Já Mosiah Rodrigues foi cinco vezes medalhista em Jogos Pan-Americanos e esteve nos Jogos Olímpicos de Atenas (2004). Ele recordou marcos importantes da modalidade, como a primeira medalha no circuito internacional, conquistada por Daniele Hypolito em 2001, o título mundial de Daiane dos Santos em 2003 e figuras que abriram portas para o crescimento da ginástica artística, como a própria Luisa Parente e Soraya Carvalho, que se classificou para os Jogos de Atlanta (1996) mas não viajou por lesão.

"É até difícil traduzir em palavras o feito da Rebeca. A gente vai conseguir mensurar melhor com o passar dos dias, mas estamos diante da atleta mais completa da história do país.
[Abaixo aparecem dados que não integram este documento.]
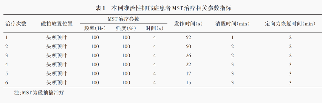 于2022年10月27日至2022年11月3日,8天內(nèi)共完成6次100Hz的高頻MST治療(除周六、日外,1次/天),MST治療采用武漢依瑞德MagSuper治療儀及圓形線圈(直徑120mm),以100Hz的頻率、100%的刺激強度進(jìn)行治療,在治療前測量患者的運動閾值,并采用滴定法來確定磁刺激的時間:通常以4s開始,若患者的抽搐發(fā)作持續(xù)時間小于15s,在下一次的治療中,刺激時間可逐漸增加1~2s(最多10s)進(jìn)行優(yōu)化,治療部位根據(jù)國際標(biāo)準(zhǔn)腦電電極10-20導(dǎo)聯(lián)系統(tǒng)進(jìn)行定位,選擇Cz點進(jìn)行治療(既往研究認(rèn)為Cz可有效誘發(fā)抽搐發(fā)作)每例患者建立靜脈通路后均給予丙泊酚(1.25mg/kg)和琥珀酰膽堿(0.5mg/kg)用于麻醉誘導(dǎo)和肌肉松弛。

São quatro competições em uma", ressaltou Mosiah, coordenador geral do Bolsa Atleta na Secretaria Especial do Esporte do Ministério da Cidadania. "Acho que essa medalha retrata a continuidade da consolidação de uma história da elevação do padrão de qualidade da ginástica, feminina e masculina. Não existe mais Brasil participando de competições, mas brigando de igual para igual".

No masculino, o Brasil contabiliza quatro medalhas olímpicas. Uma de ouro e uma de prata com Arthur Zanetti nas argolas, conquistadas nas edições de Londres (2012) e do Rio de Janeiro (2016), e uma prata e um bronze no solo, com Diego Hypolito e Arthur Nory em 2016.